0

I have a form that has fields for a couple of URLS. I wrote a Zend Framework validator that does a trivial preg_match to screen out ridiculous strings, and then does a curl HEAD request (CURLOPT_NOBODY) to screen out 404's and other connectivity issues. In testing I came across the mysterious return code 0 with "unknown SSL protocol error", so I added a check to accept as valid anything that gave a message with "SSL" in it, since that would suggest that the URL reached a webserver.

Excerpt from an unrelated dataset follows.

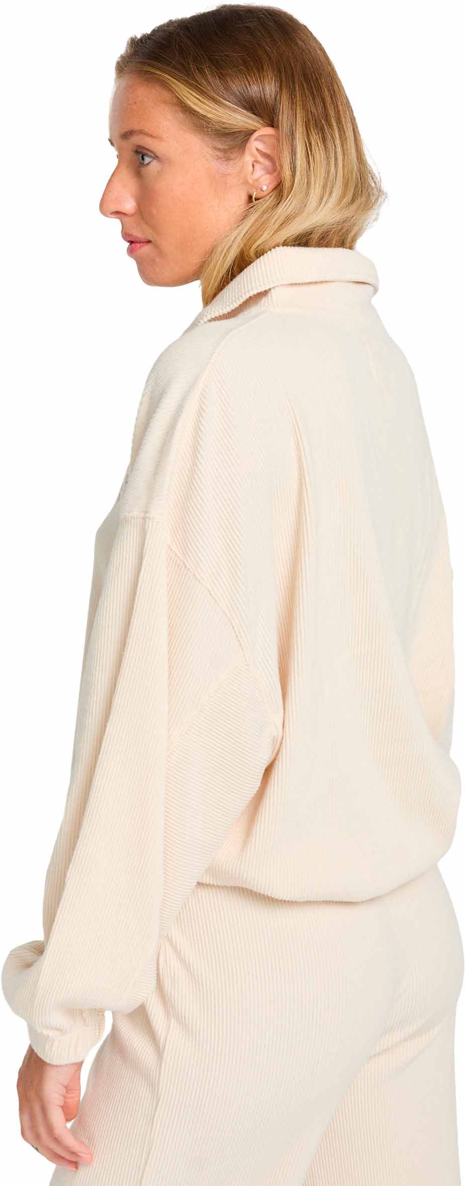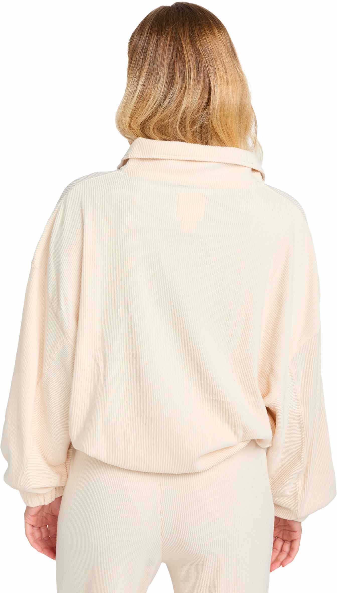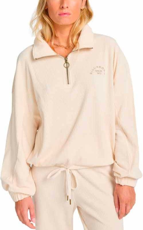 Sweat Billabong Coffee Time White Cap femme en velours côtelé polyester stretch, demi-zip et ourlet réglable pour un confort décontracté.

But one particular URL that our customers would likely use in practice redirects to an s3.amazonaws.com URL for a PDF file. In a browser, both the original URL, and the s3 URL it redirects to, display the PDF just fine. Since I used CURLOPT_FOLLOWLOCATION, I expected my validator would accept it. But instead it gave a 404. I then tried specifying the s3 URL directly, and that gave a 403(!). Thinking that possibly the 403 was triggered by the fact that I had specified a header of 'HTTP_X_REQUESTED_WITH: XMLHttpRequest', I commented out that line in the code. But it still gave a 403.

How can this happen? It seems to me that amazon s3 would have to look for HEAD requests explicitly, and deliberately issue a 404 or 403 depending on whether it came via a redirect???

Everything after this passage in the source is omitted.